What to do: Print the entries in full, word for word, but not the pictures.

Supplied data:
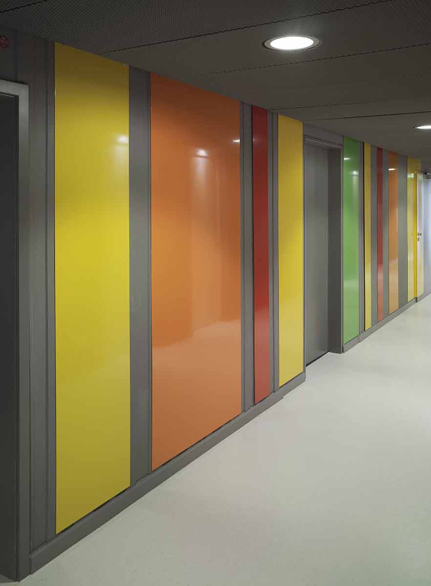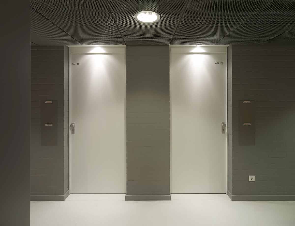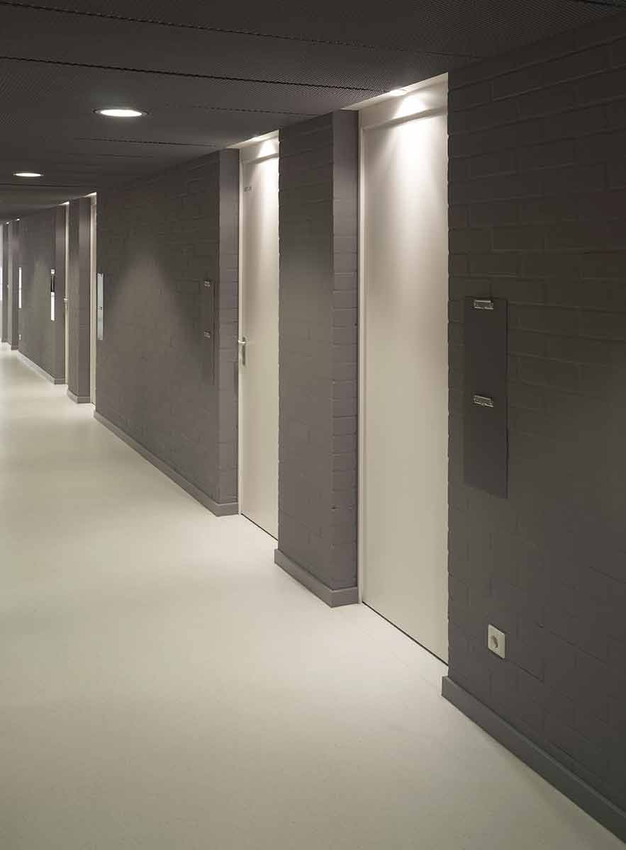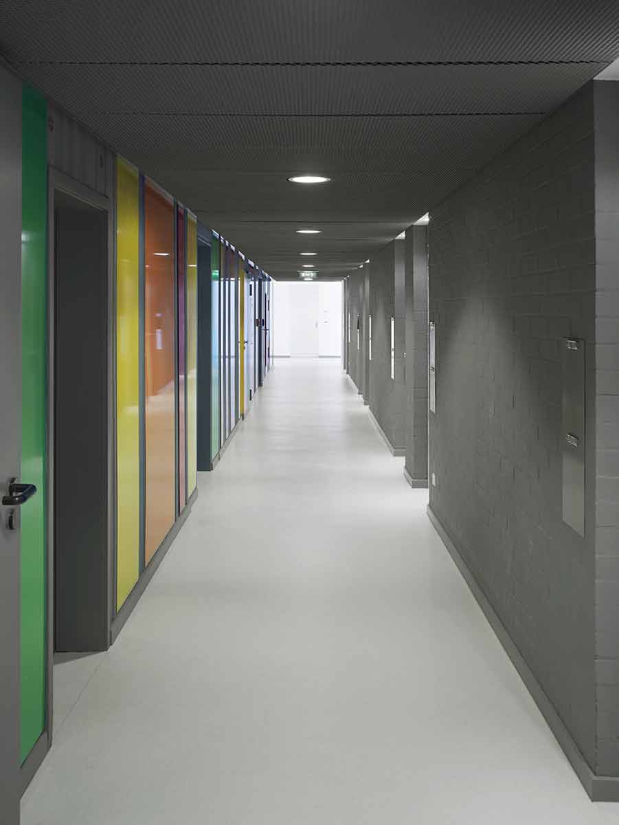 Das konstruktive System des Internatshochhauses aus tragenden Stahlbetonschotten im Abstand von 3,00 m verbot die Vergrößerung der Zimmer durch das Zusammenlegen von Einheiten. Die Balkone wurden zur Zimmerfläche addiert, so dass sich eine Grundfläche von 18 m2 ergibt. Die Balkonbrüstungen werden abgenommen. Die neue Fassade ist weitgehend verglast und enthält für jedes Zimmer eine farbige, nach außen ragende Blech“kiste“, die zum Raum hin als Regal nutzbar ist. Den entstandenen Innenraum gliedern wir mit einem Raumteiler in den hellen und den dunklen Bereich, der variabel möblierbar ist. In den niedrigen Fluren ohne Tageslicht mit unterschiedlichen Wandoberflächen betonen wir den Kunstlicht-Charakter: Es gibt einen sehr hellen, Licht reflektierende Boden und optisch zurücktretende dunkle Wände und Decken. Licht betont jeweils die weißen Zimmertüren und die Farbflächen, die als monochrome Bilder die Mittelwand gestalten.
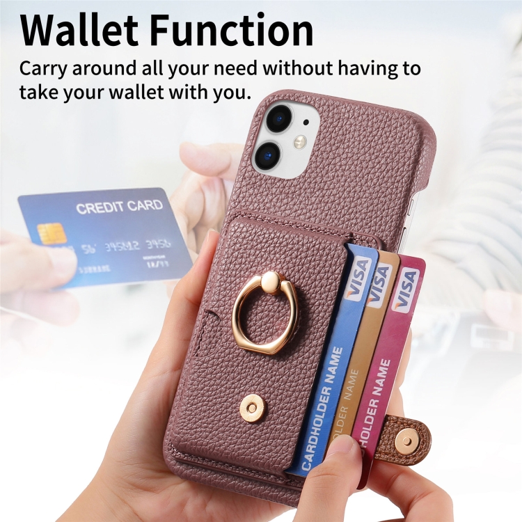 Funda para Teléfono iPhone 12 Mini con Parte Posterior de Tarjeta y Anillo de Cuero Litchi (Albaricoque Azufaifo)
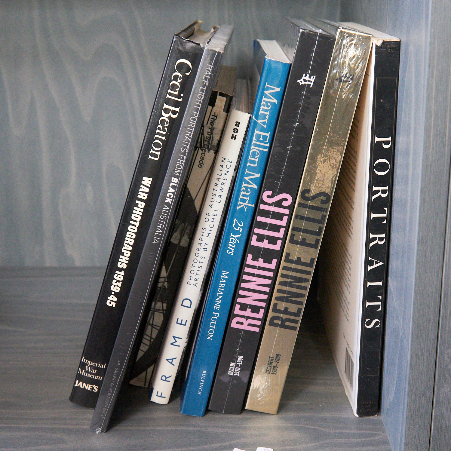 EIGHT BOOKS ON MODERN PHOTOGRAPHY INCLUDING TWO UNOPENED OUT OF PRINT RENNIE ELLIS, AND HALF LIGHT PORTRAITS FROM BLACK AUSTRALIA, LEONARD JOEL DELIVERY SIZE: MEDIUM
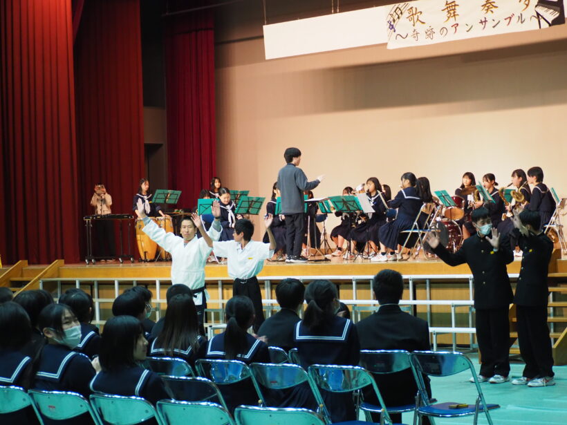 「マツケンサンバ」の演奏曲では先生も生徒も参加し、会場を盛り上げてくれました。
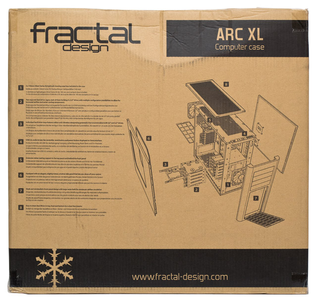 В упакованном виде корпус весит 16,3 кг. Полиграфия на всех сторонах упаковки монохромная, но информативная. На фронтальной части изображен корпус, повернутый в три четверти, а на тыльной стороне приведена схема разборки шасси, где в текстовом виде подписаны и описаны все основные компоненты.
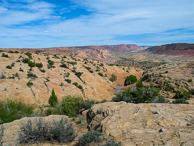 This light brown sandstone was deposited by the freshwater rivers, streams and shallow lakes bordering an inland sea that was invading the region due to a gradual rise in global sea level. The region hosted prolific plant and animal life. Slowly, this deposit was buried beneath marine shales. Within the canyon country region covered by this book, Dakota Sandstone is not widely exposed.
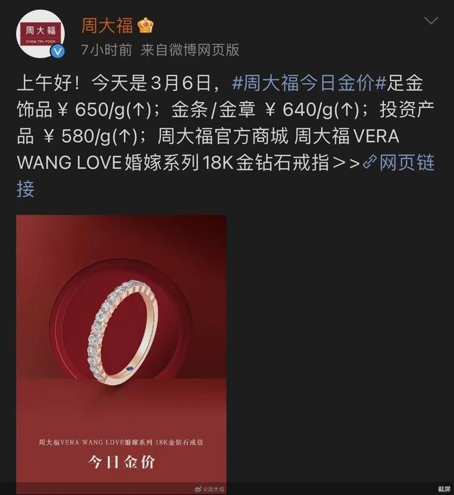 金价一路“飙升”,投资产品的金价也随着上涨。3月6日,周大福的投资产品金价为580元/克,此前3月1日的投资产品金价尚为560元/克,每克金价的上涨幅度高达20元。
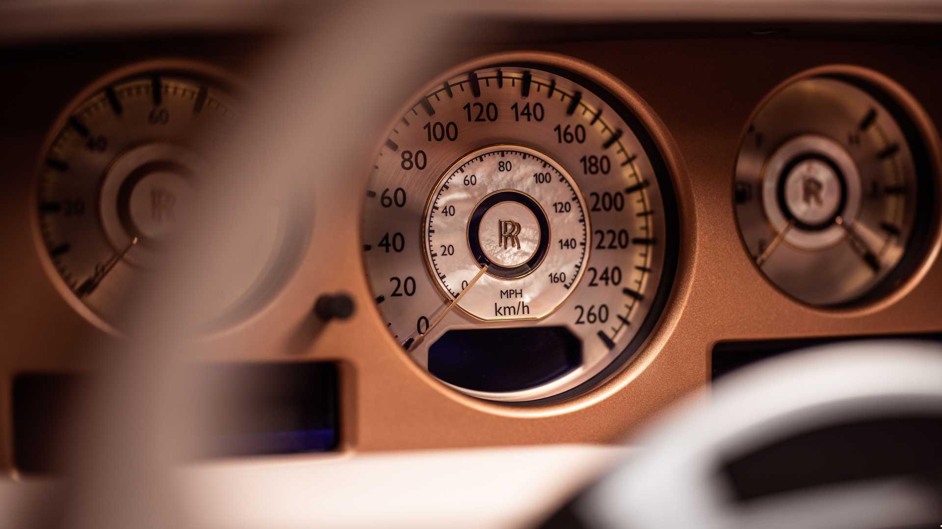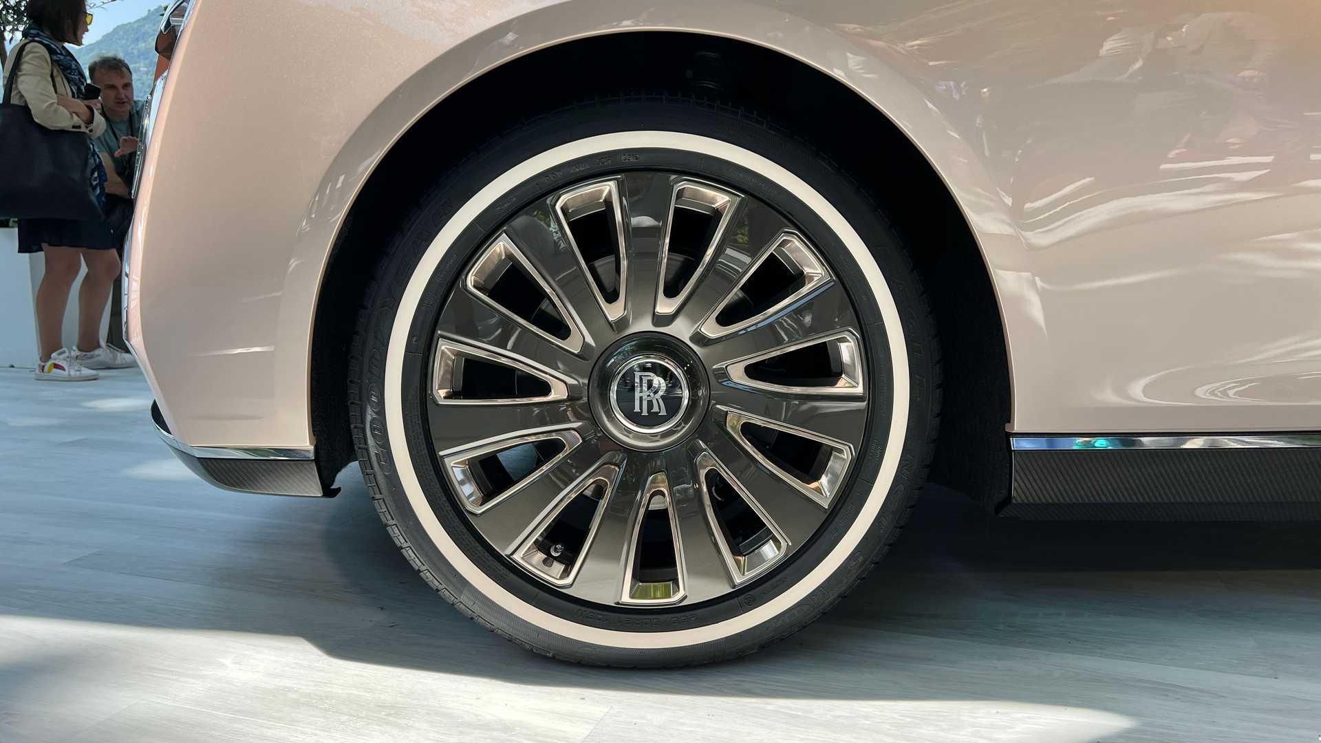 白色的轮胎壁,这些21英寸的固特异轮胎在侧壁边缘有一圈白色的涂装,为这款车提供意想不到的视觉效果。但不要让轮胎分散你对车轮的注意力,它们看起来很简单,但绝非如此。轮圈被镀上玫瑰金,然后在进行激光蚀刻之前涂漆以形成对比。劳斯莱斯表示,这种工艺以前从未在量产车上做过。它的额定时速为155英里/小时(249公里/小时)。

Task output:
 Das konstruktive System des Internatshochhauses aus tragenden Stahlbetonschotten im Abstand von 3,00 m verbot die Vergrößerung der Zimmer durch das Zusammenlegen von Einheiten. Die Balkone wurden zur Zimmerfläche addiert, so dass sich eine Grundfläche von 18 m2 ergibt. Die Balkonbrüstungen werden abgenommen. Die neue Fassade ist weitgehend verglast und enthält für jedes Zimmer eine farbige, nach außen ragende Blech“kiste“, die zum Raum hin als Regal nutzbar ist. Den entstandenen Innenraum gliedern wir mit einem Raumteiler in den hellen und den dunklen Bereich, der variabel möblierbar ist. In den niedrigen Fluren ohne Tageslicht mit unterschiedlichen Wandoberflächen betonen wir den Kunstlicht-Charakter: Es gibt einen sehr hellen, Licht reflektierende Boden und optisch zurücktretende dunkle Wände und Decken. Licht betont jeweils die weißen Zimmertüren und die Farbflächen, die als monochrome Bilder die Mittelwand gestalten.
 Funda para Teléfono iPhone 12 Mini con Parte Posterior de Tarjeta y Anillo de Cuero Litchi (Albaricoque Azufaifo)
 EIGHT BOOKS ON MODERN PHOTOGRAPHY INCLUDING TWO UNOPENED OUT OF PRINT RENNIE ELLIS, AND HALF LIGHT PORTRAITS FROM BLACK AUSTRALIA, LEONARD JOEL DELIVERY SIZE: MEDIUM
 「マツケンサンバ」の演奏曲では先生も生徒も参加し、会場を盛り上げてくれました。
 В упакованном виде корпус весит 16,3 кг. Полиграфия на всех сторонах упаковки монохромная, но информативная. На фронтальной части изображен корпус, повернутый в три четверти, а на тыльной стороне приведена схема разборки шасси, где в текстовом виде подписаны и описаны все основные компоненты.
 This light brown sandstone was deposited by the freshwater rivers, streams and shallow lakes bordering an inland sea that was invading the region due to a gradual rise in global sea level. The region hosted prolific plant and animal life. Slowly, this deposit was buried beneath marine shales. Within the canyon country region covered by this book, Dakota Sandstone is not widely exposed.
 金价一路“飙升”,投资产品的金价也随着上涨。3月6日,周大福的投资产品金价为580元/克,此前3月1日的投资产品金价尚为560元/克,每克金价的上涨幅度高达20元。
 白色的轮胎壁,这些21英寸的固特异轮胎在侧壁边缘有一圈白色的涂装,为这款车提供意想不到的视觉效果。但不要让轮胎分散你对车轮的注意力,它们看起来很简单,但绝非如此。轮圈被镀上玫瑰金,然后在进行激光蚀刻之前涂漆以形成对比。劳斯莱斯表示,这种工艺以前从未在量产车上做过。它的额定时速为155英里/小时(249公里/小时)。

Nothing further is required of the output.